Shemyakin-Ovchinnikov Institute of Bioorganic Chemistry, Russian Academy of Sciences, Moscow, Russia.
Moscow State University, Moscow, Russia.
Dokl Biochem Biophys. 2024 Jun;516(1):98-106. doi: 10.1134/S1607672924700790. Epub 2024 Mar 27.
Analysis of the mechanisms underlying the occurrence and progression of cancer represents a key objective in contemporary clinical bioinformatics and molecular biology. Utilizing omics data, particularly transcriptomes, enables a detailed characterization of expression patterns and post-transcriptional regulation across various RNA types relative to the entire transcriptome. Here, we assembled a dataset comprising transcriptomic data from approximately 16 000 patients encompassing over 160 types of cancer. We employed state-of-the-art gradient boosting algorithms to discern intricate correlations in the expression levels of four clinically significant microRNAs, specifically, hsa-mir-21, hsa-let-7a-1, hsa-let-7b, and hsa-let-7i, with the expression levels of the remaining 60 660 unique RNAs. Our analysis revealed a dependence of the expression levels of the studied microRNAs on the concentrations of several small nucleolar RNAs and regulatory long noncoding RNAs. Notably, the roles of these RNAs in the development of specific cancer types had been previously established through experimental evidence. Subsequent evaluation of the created database will facilitate the identification of a broader spectrum of overarching dependencies related to changes in the expression levels of various RNA classes in diverse cancers. In future, it will make possible to discover unique alterations specific to certain types of malignant transformations.

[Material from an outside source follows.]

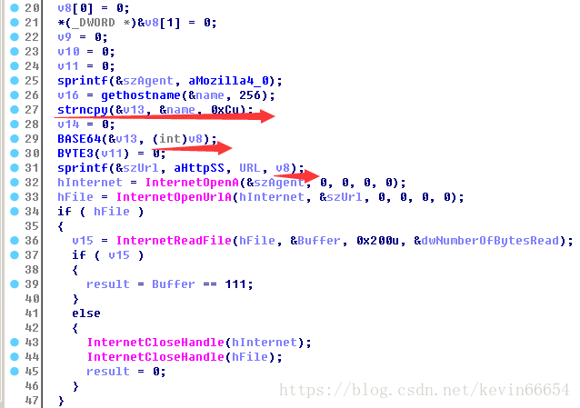 可能是当作后门,或者心跳包存在,隔一段时间与服务器进行通信,让攻击者知道它在运行。代码用加密的(有可能被截断)主机名作为标识符发出一个特定的通信信号,当接收到一个特定的回应后,则终止。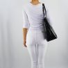 Le sac de la marque Love Moschino tissu brillant noir, couvert sur toute la surface l'impression avec le logo de la marque. Fermeture par zip. Les petites poches de rangement internes, doublure intérieure en rouge. Sac de protéger de la poussière, y compris l'original.

分析癌症发生和发展的机制是当代临床生物信息学和分子生物学的主要目标。利用组学数据,特别是转录组学,可以详细描述各种 RNA 类型相对于整个转录组的表达模式和转录后调控。在这里,我们组装了一个包含大约 16000 名患者的转录组数据的数据集,涵盖了 160 多种癌症。我们采用最先进的梯度提升算法来识别四种临床意义重大的 microRNA(hsa-mir-21、hsa-let-7a-1、hsa-let-7b 和 hsa-let-7i)的表达水平与其余 60660 个独特 RNA 之间的复杂相关性。我们的分析表明,所研究的 microRNA 的表达水平依赖于几种小核仁 RNA 和调控长非编码 RNA 的浓度。值得注意的是,这些 RNA 在特定癌症类型的发展中的作用已经通过实验证据得到了证实。随后对创建的数据库进行评估将有助于确定与各种癌症中不同 RNA 类别的表达水平变化相关的更广泛的总体依赖性。在未来,它将有可能发现某些特定类型的恶性转化所特有的独特改变。